╭─ Data for this task

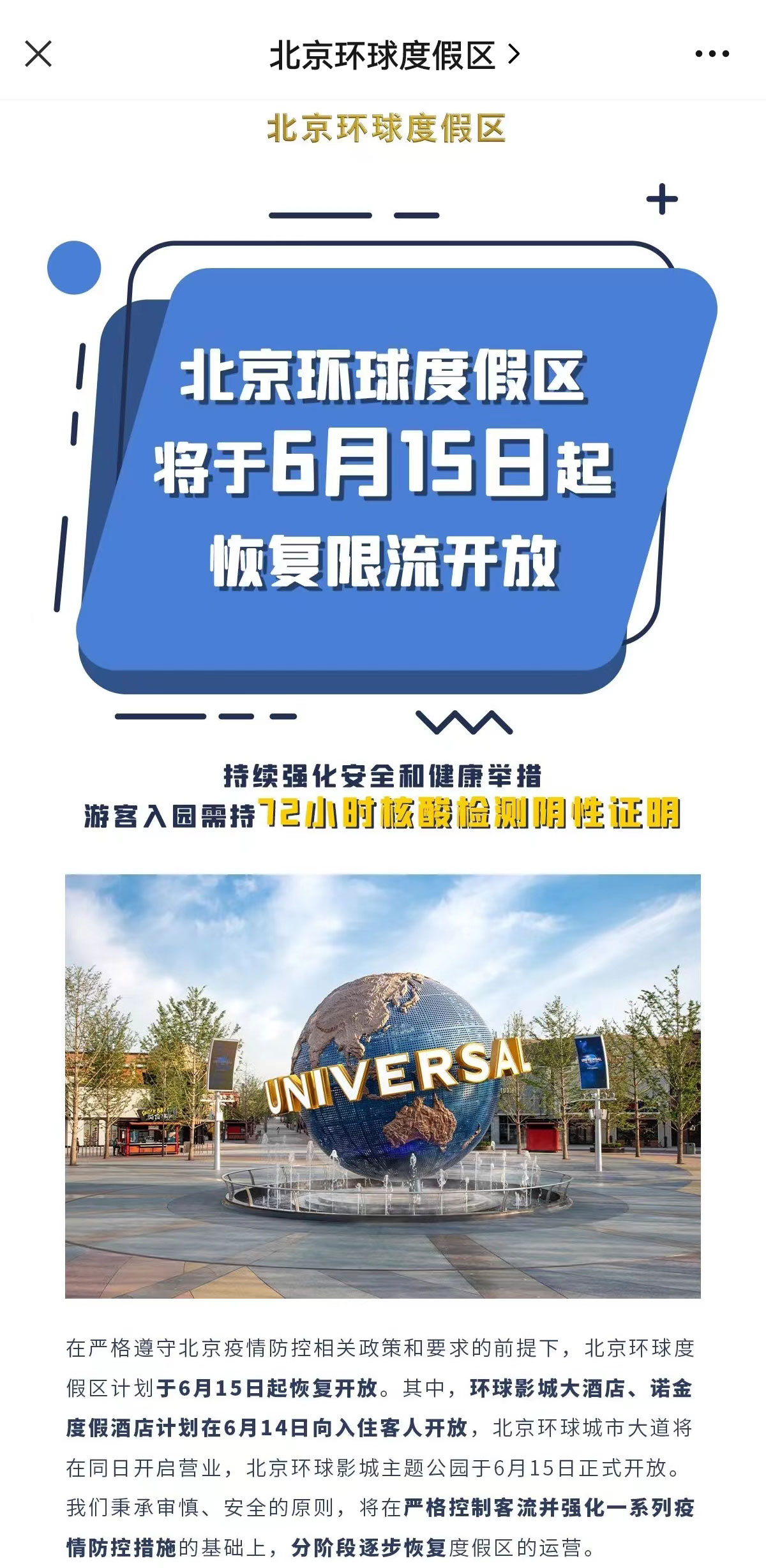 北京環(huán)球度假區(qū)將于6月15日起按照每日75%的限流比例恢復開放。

╰─
╭─ Data for this task

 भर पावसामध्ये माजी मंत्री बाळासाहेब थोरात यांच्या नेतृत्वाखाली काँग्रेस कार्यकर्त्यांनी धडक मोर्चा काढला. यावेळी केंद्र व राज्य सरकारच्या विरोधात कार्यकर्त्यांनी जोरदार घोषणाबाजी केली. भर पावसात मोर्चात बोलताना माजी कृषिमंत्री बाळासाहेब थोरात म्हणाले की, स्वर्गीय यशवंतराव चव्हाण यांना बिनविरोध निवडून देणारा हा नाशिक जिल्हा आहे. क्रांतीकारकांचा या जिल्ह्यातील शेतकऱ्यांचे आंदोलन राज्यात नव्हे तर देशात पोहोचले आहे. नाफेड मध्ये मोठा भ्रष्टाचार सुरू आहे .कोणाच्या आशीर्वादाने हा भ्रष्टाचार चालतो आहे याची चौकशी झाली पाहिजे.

╰─
╭─ Data for this task

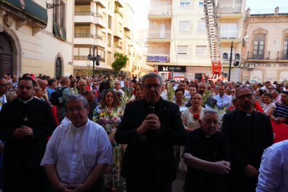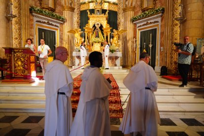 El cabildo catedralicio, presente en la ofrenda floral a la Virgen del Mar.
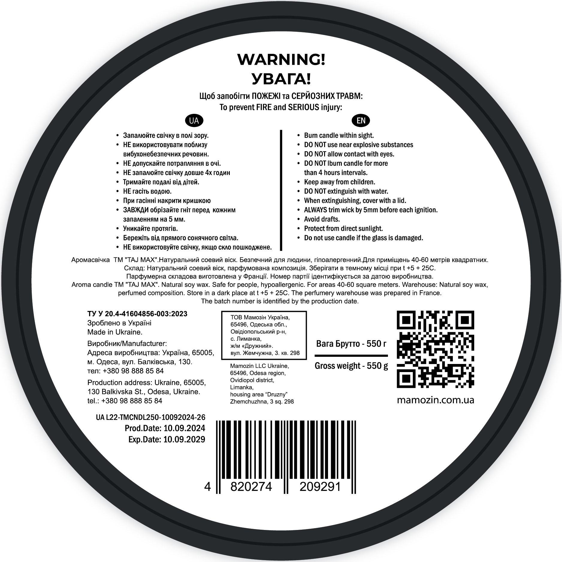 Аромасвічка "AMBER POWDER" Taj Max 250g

╰─

Return only the stretch above from the line containing "El cabildo catedralicio, presente" through the line containing "Taj Max 250g", word for word and without pictures.

 El cabildo catedralicio, presente en la ofrenda floral a la Virgen del Mar.
 Аромасвічка "AMBER POWDER" Taj Max 250g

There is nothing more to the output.